§ **Supplied records**:
________________________

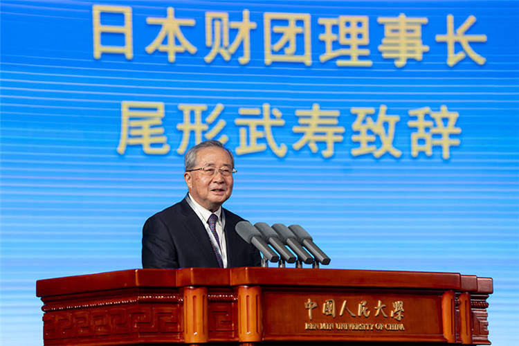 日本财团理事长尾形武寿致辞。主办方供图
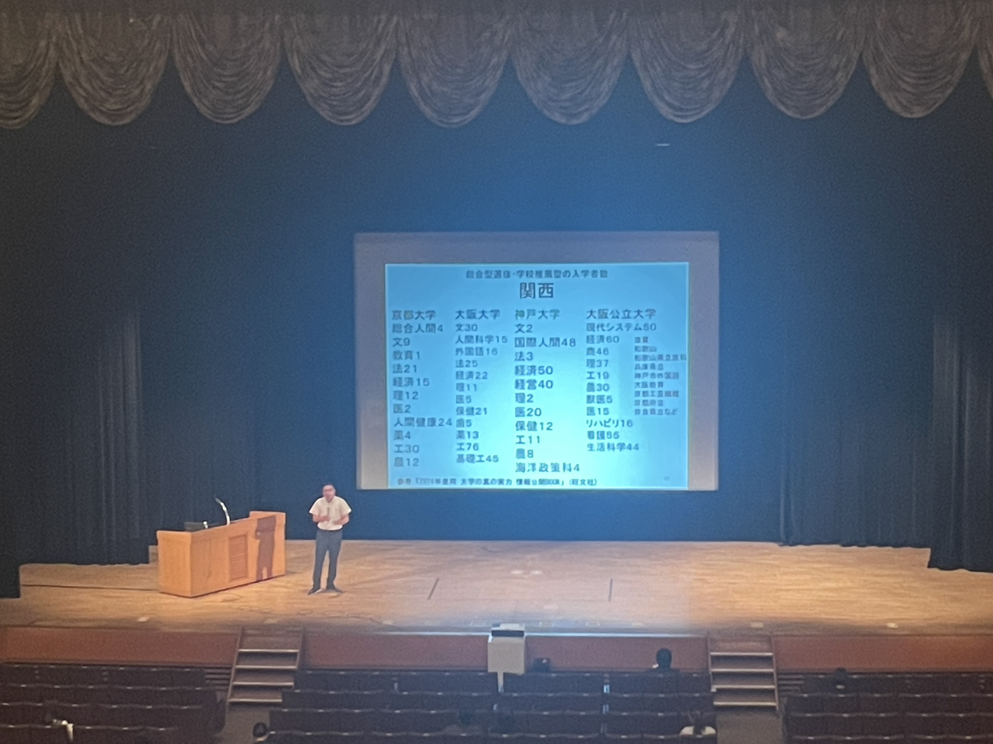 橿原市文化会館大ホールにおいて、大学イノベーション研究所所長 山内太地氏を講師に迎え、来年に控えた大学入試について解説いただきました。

________________________

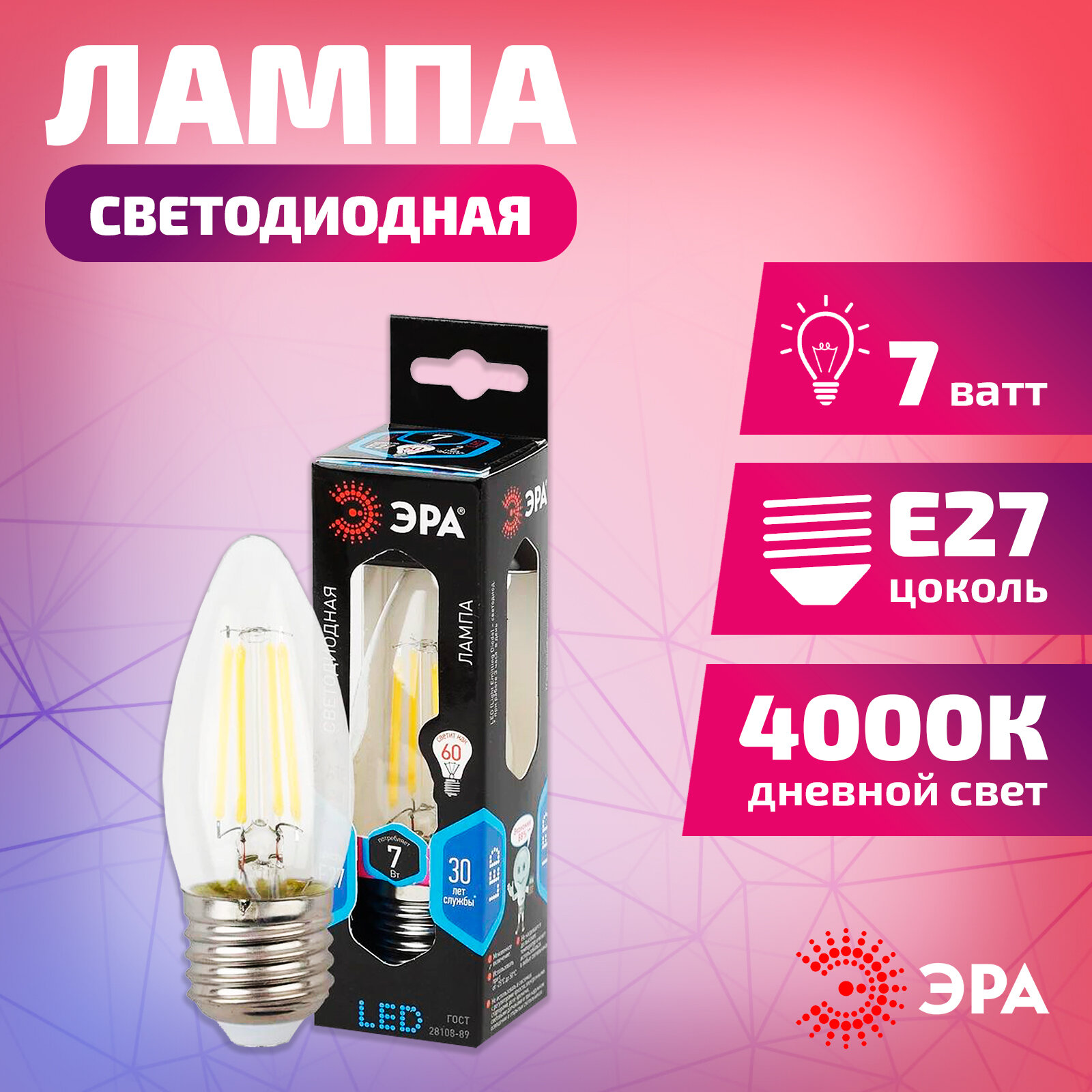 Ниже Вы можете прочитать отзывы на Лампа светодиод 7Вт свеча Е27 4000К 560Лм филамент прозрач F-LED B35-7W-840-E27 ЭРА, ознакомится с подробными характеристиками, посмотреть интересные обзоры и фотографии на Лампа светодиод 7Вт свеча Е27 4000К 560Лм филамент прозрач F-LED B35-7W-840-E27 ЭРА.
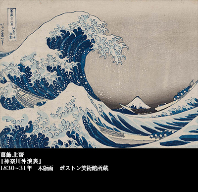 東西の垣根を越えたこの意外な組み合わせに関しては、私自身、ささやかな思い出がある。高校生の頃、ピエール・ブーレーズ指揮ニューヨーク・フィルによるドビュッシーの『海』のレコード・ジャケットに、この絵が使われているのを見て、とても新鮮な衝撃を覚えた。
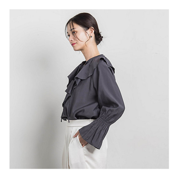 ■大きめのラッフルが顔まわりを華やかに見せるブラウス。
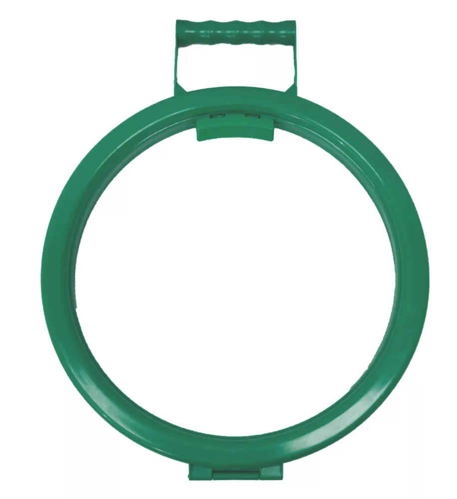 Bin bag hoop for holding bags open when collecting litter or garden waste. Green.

________________________

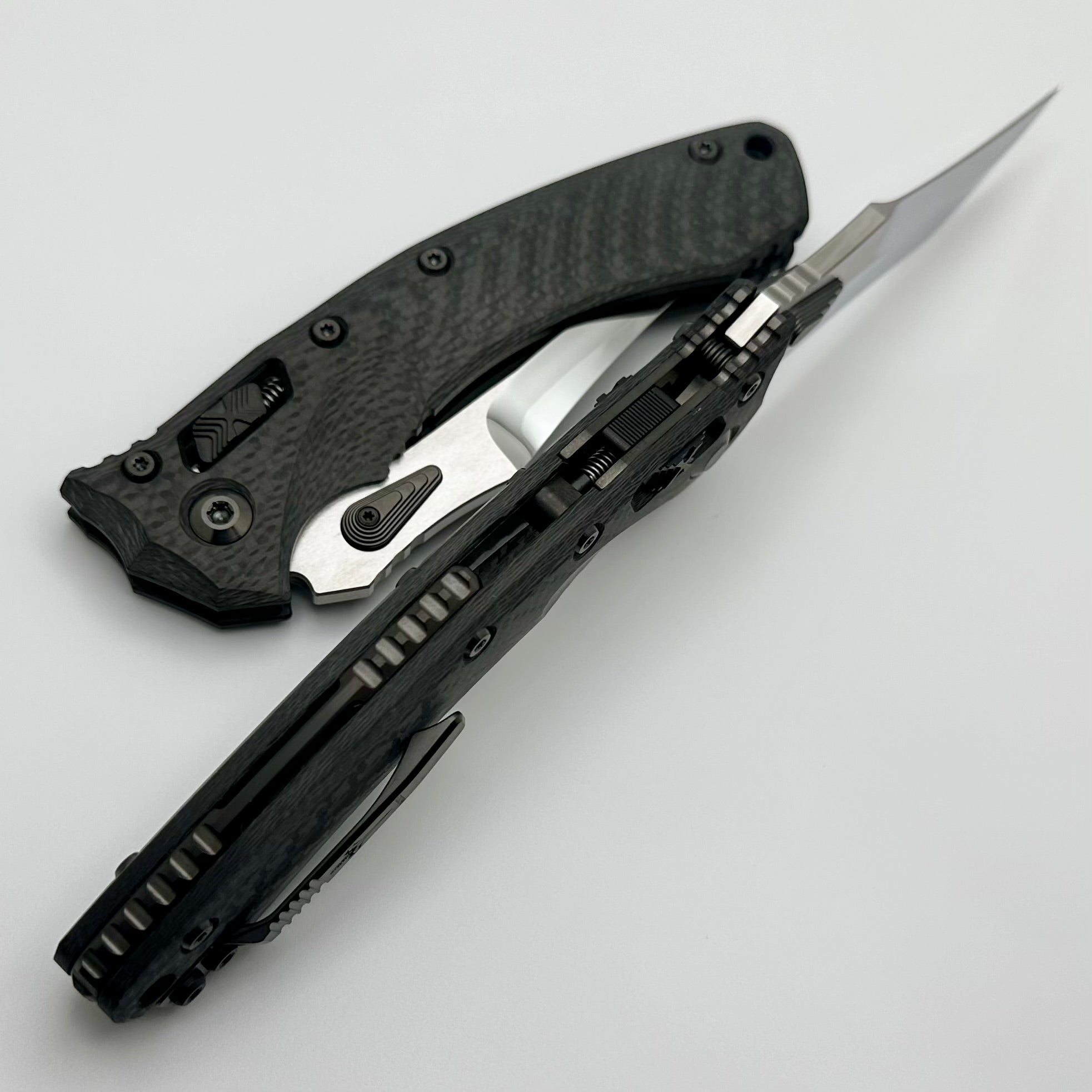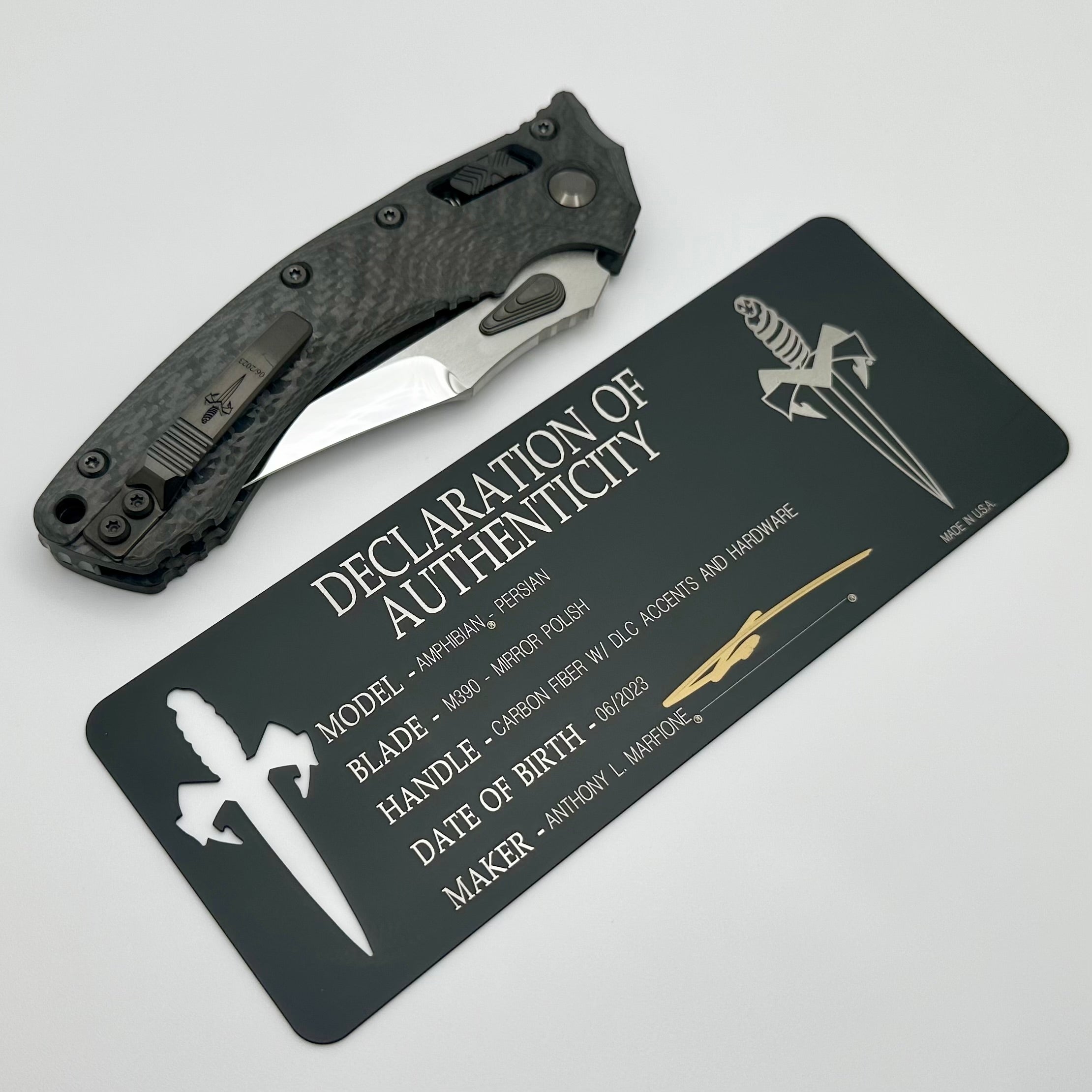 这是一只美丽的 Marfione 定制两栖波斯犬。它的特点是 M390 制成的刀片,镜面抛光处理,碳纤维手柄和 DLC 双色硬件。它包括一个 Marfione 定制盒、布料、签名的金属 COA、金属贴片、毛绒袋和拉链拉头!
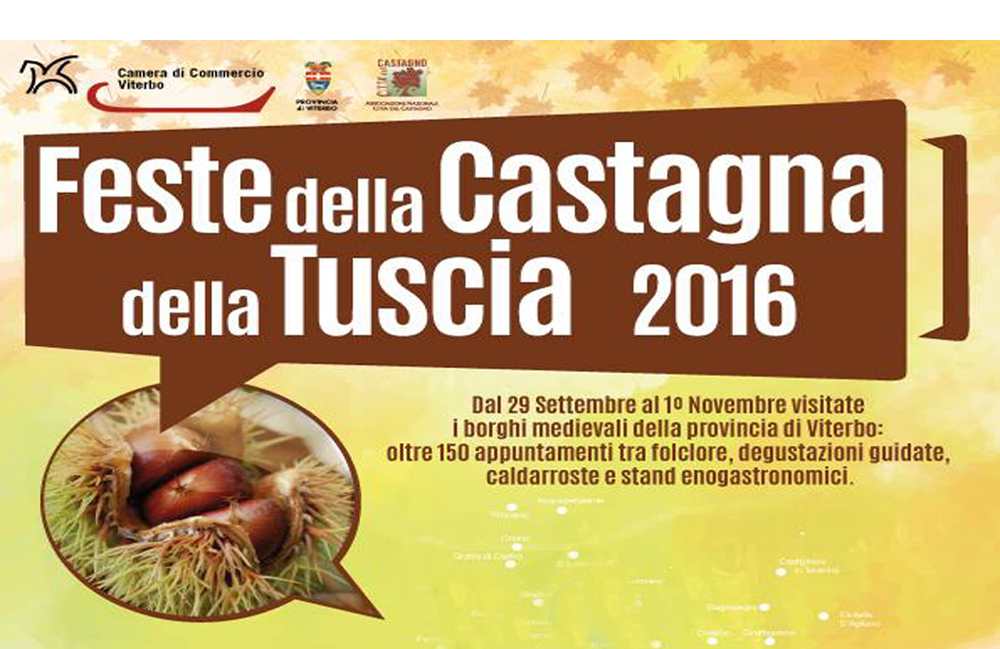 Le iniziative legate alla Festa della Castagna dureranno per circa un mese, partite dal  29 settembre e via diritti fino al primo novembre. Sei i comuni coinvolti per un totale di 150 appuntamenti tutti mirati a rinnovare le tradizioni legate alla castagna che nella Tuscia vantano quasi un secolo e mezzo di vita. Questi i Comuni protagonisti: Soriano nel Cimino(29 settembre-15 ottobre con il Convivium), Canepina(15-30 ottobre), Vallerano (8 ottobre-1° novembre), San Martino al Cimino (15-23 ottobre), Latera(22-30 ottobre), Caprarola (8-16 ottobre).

________________________

§ **What the task asks**: Once the line with "日本财团理事长尾形武寿致辞。主办方供图" is found above, print it and every line after it through the line with "橿原市文化会館大ホールにおい", exactly. Pictures stay out.

§ **Answer to the exercise**:
 日本财团理事长尾形武寿致辞。主办方供图
 橿原市文化会館大ホールにおいて、大学イノベーション研究所所長 山内太地氏を講師に迎え、来年に控えた大学入試について解説いただきました。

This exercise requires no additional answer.